Preserve recurrent hidden state across training examples

feynmanliang commented 7 years ago

If I understand correctly, recurrent network training in theanets currently uses self.h_0 as the initial state (which defaults to None, implying all zeros) for every training example. This goes well with the Text.classifier_batches implementation, which returns batches of (previous N characters, N+1 character) input/output pairs drawn randomly from the training text.

The problem is that this is a stronger assumption than truncated BPTT, which just clips the gradients after a fixed timespan. Here, not only are the gradients clipped, but the hidden states are zeroed.

I would like to preserve the hidden state across training examples. Then, I can iterate across the training text in sequence and learn dynamics which do not assume zero initial state at the start of every sequence. The state should be able to be reset during iter_train (i.e. when an epoch has elapsed). This is what's done in torch-rnn (see https://github.com/jcjohnson/torch-rnn/blob/master/train.lua#L176).

As a consequence of this, I am getting training/validation cross-entropy losses of 0.5/10 respectively in theanets while the equivalent model in torch-rnn is getting 0.09/0.7.

Have I understood theanets' implementation correctly?

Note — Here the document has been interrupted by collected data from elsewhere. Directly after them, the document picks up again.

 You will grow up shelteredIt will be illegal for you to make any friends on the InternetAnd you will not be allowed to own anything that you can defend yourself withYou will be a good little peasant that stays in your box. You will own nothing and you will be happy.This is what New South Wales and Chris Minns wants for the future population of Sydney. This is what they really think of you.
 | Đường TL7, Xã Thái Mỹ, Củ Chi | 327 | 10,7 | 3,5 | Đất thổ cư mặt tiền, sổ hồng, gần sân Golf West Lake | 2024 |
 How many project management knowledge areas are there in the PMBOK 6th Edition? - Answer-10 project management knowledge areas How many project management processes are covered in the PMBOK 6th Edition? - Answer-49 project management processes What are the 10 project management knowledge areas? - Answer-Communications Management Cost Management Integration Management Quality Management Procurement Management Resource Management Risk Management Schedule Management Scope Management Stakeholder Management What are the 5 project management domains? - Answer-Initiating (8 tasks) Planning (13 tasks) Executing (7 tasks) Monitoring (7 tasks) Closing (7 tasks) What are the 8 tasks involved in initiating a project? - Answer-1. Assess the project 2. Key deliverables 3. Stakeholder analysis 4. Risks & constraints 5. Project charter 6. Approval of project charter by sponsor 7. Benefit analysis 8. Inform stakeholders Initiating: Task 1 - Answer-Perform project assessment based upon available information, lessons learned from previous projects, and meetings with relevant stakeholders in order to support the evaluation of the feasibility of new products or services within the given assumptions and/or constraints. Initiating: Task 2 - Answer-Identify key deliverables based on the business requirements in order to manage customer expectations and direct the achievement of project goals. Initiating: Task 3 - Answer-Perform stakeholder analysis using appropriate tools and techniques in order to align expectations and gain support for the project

Is it possible to accomplish what I am suggesting in theanet with what's currently there?

lmjohns3 commented 7 years ago

There is an option to use "true" BPTT with each recurrent layer in theanets (see https://github.com/lmjohns3/theanets/blob/master/theanets/layers/recurrent.py#L61):

net = theanets.recurrent.Classifier([
    20, dict(form='rnn', size=20, bptt_limit=5), 10])

Then if you feed this model sequences of length 10, say, the gradients are only propagated back through the last 5 time steps, but the entire forward pass through all 10 time steps is performed.

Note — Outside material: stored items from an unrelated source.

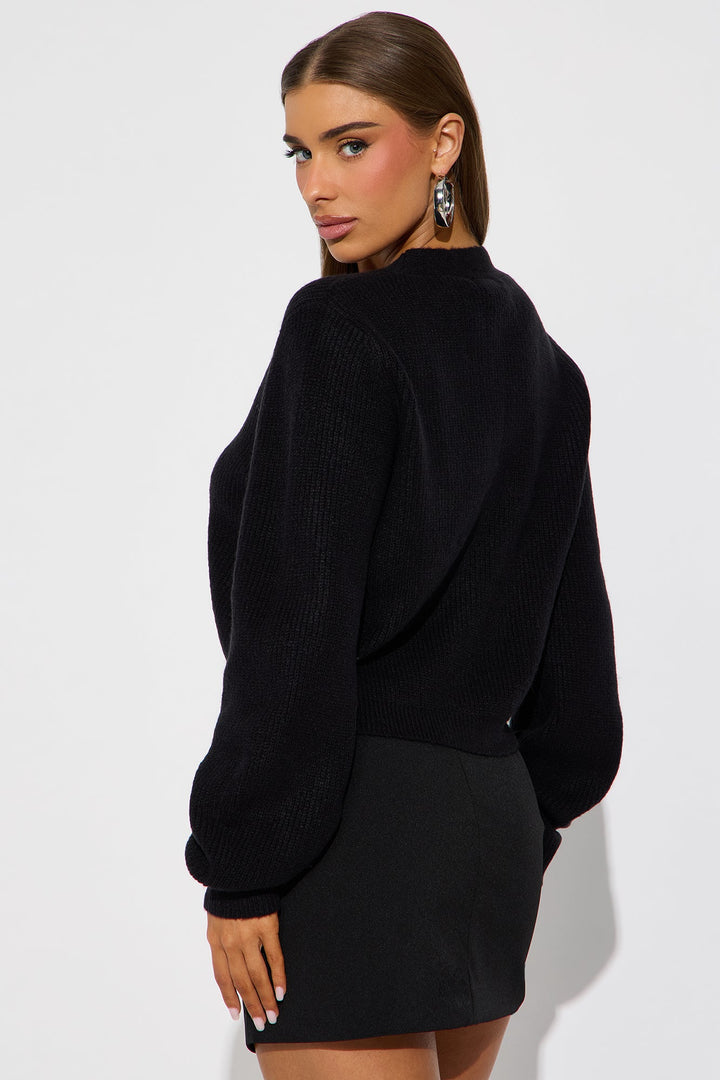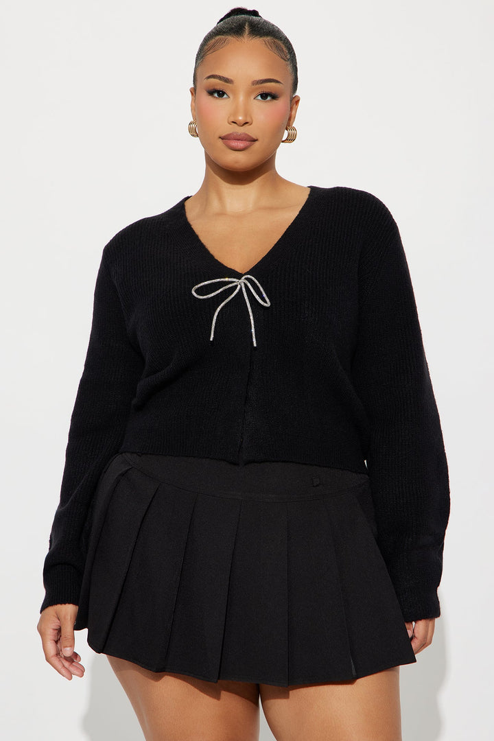 A Little Rhinestone Bow Cardigan - Black
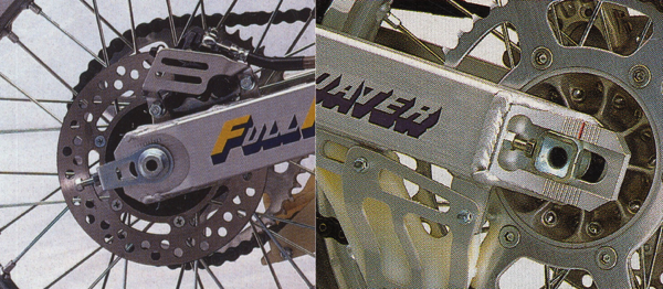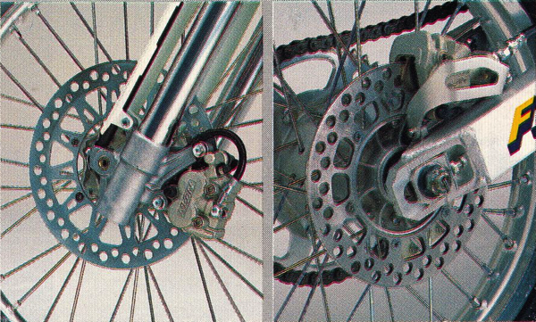 Much like the motor and chassis, the new suspension proved to be a mixed bag. The new 41mm inverted forks offered 12.2 inches of travel and 20 adjustable settings for compression and rebound damping. In terms of performance, they were far better than the abysmal 45mm Showa inverted forks offered on the 1989 CR250R, but not as plush as the excellent 46mm KYB conventional units found on the KX250. Once broken in, they offered good compliance and excellent control. The rigidity of the inverted design provided more feedback than the conventional units found on the KX, but fast guys appreciated the reduced flex and lowered propensity to get caught in deep ruts.
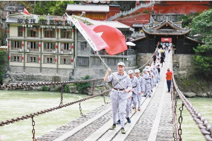 在全域旅游的時代背景下,飛奪瀘定橋作為甘孜州紅色文化資源的核心品牌,其號召力以及帶動當?shù)啬酥粮首沃萋糜伟l(fā)展的輻射作用,都在進一步凸顯。隨著雅康高速全線通車,越來越多的人從四面八方來到甘孜州,來到瀘定,走上瀘定橋,沿著革命先驅(qū)們的足跡,追尋那一段難忘的紅色記憶,弘揚和傳承長征精神。
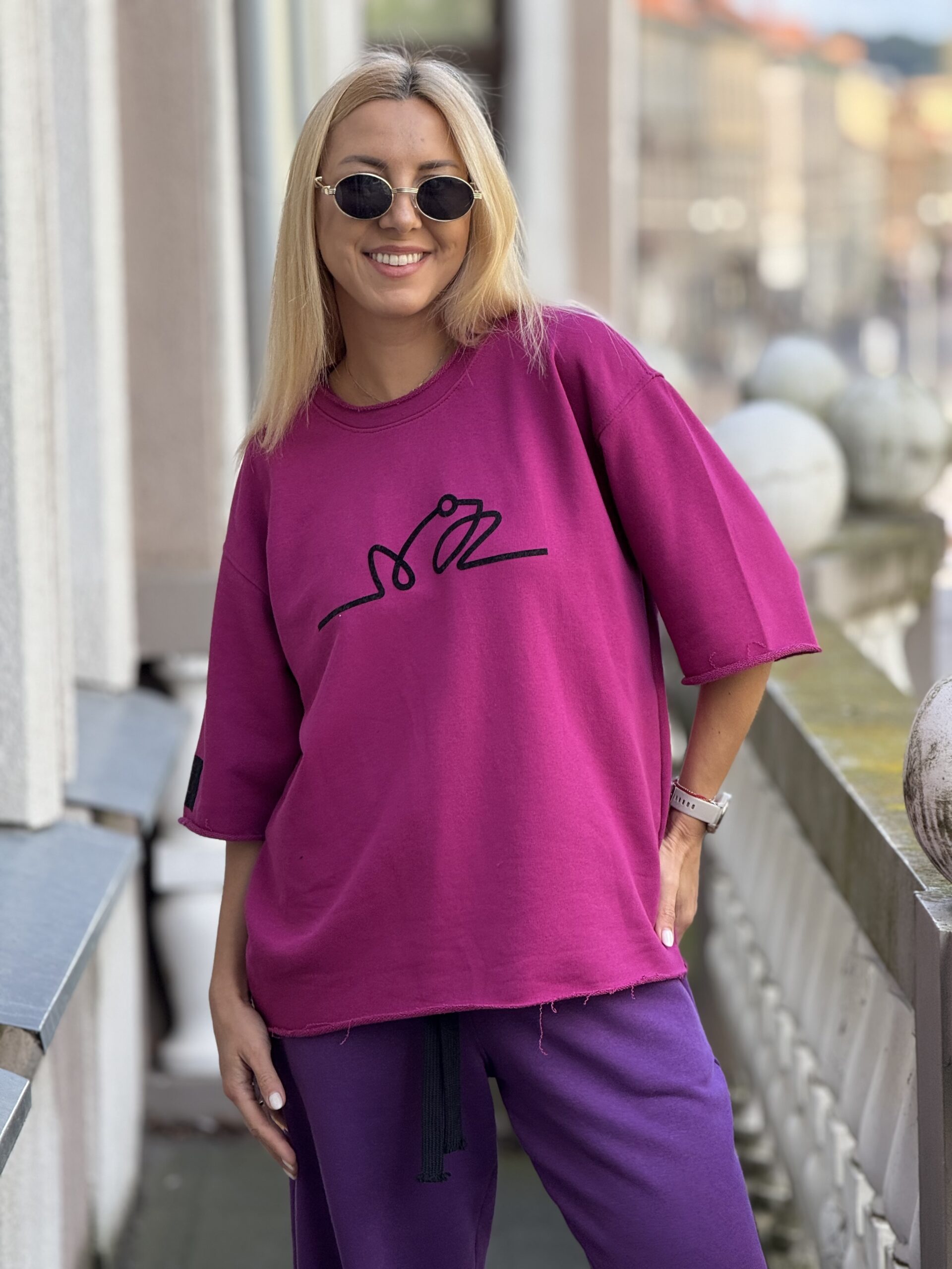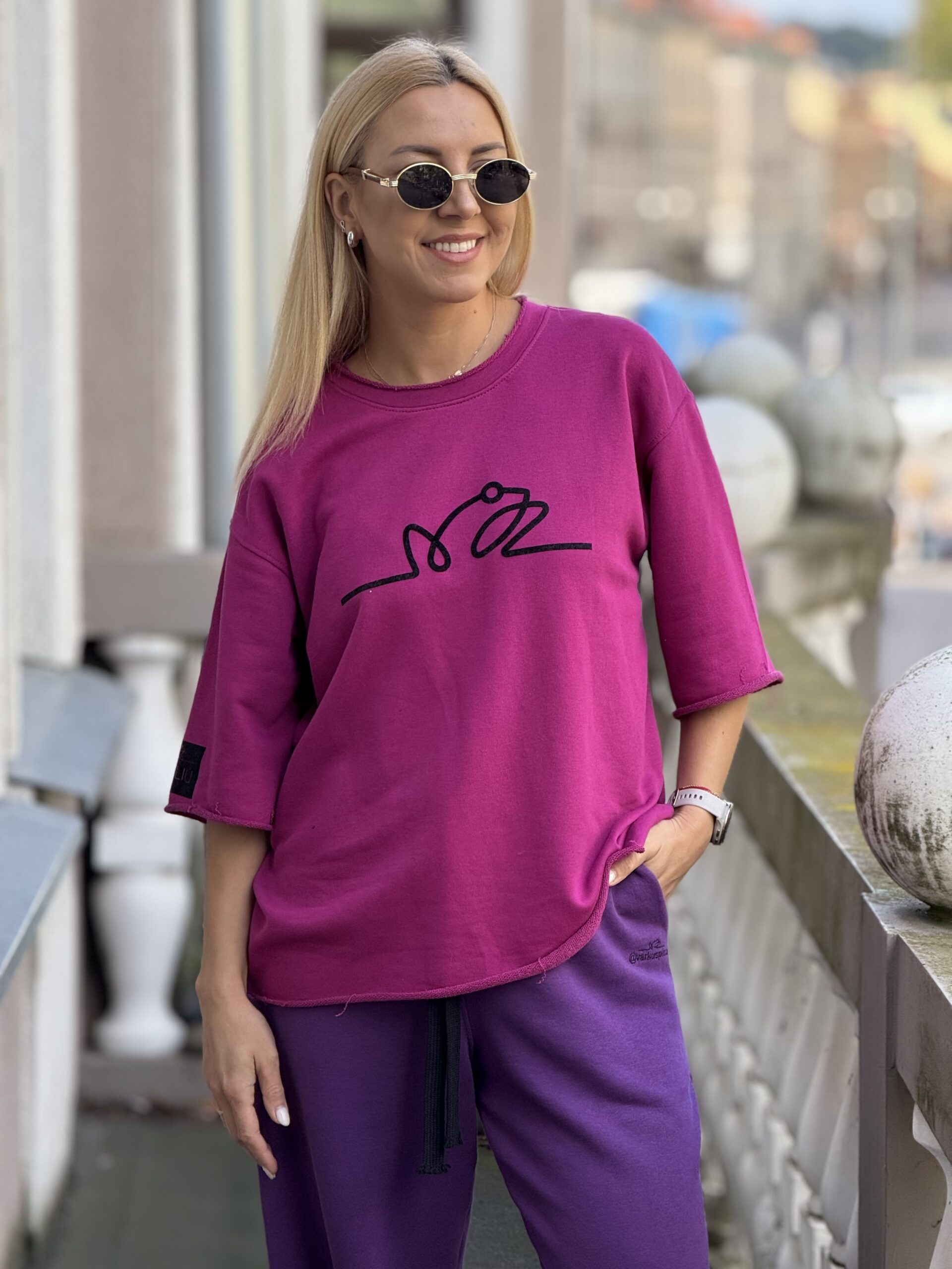 Burgundiško ciklameno VARLIŲ maikonas su JUODU LOGO

I'd always thought of truncated BPTT purely as an optimization trick for reducing computation time (fewer backward pass steps = faster), but it does make a sort of sense that the model itself might improve with truncated BPTT since the zero initial hidden state is probably not correct, so the model would take a few time steps to get into the correct dynamics for the input, and thus the gradients at the beginning wouldn't be correct. I'd be curious whether just using this in your model permits the losses to improve?

Even if it does improve, however, the computation time issue is still there. As far as I've thought about it, theanets doesn't have an easy mechanism for capturing the hidden state of a network at some time step and then resetting it later. I think you might be able to do something like this by calling feed_forward() with your training data and capturing the hidden state, then passing that in with the next optimization step? But I haven't had any time to try this out myself, and even this approach would cost 2x the forward passes.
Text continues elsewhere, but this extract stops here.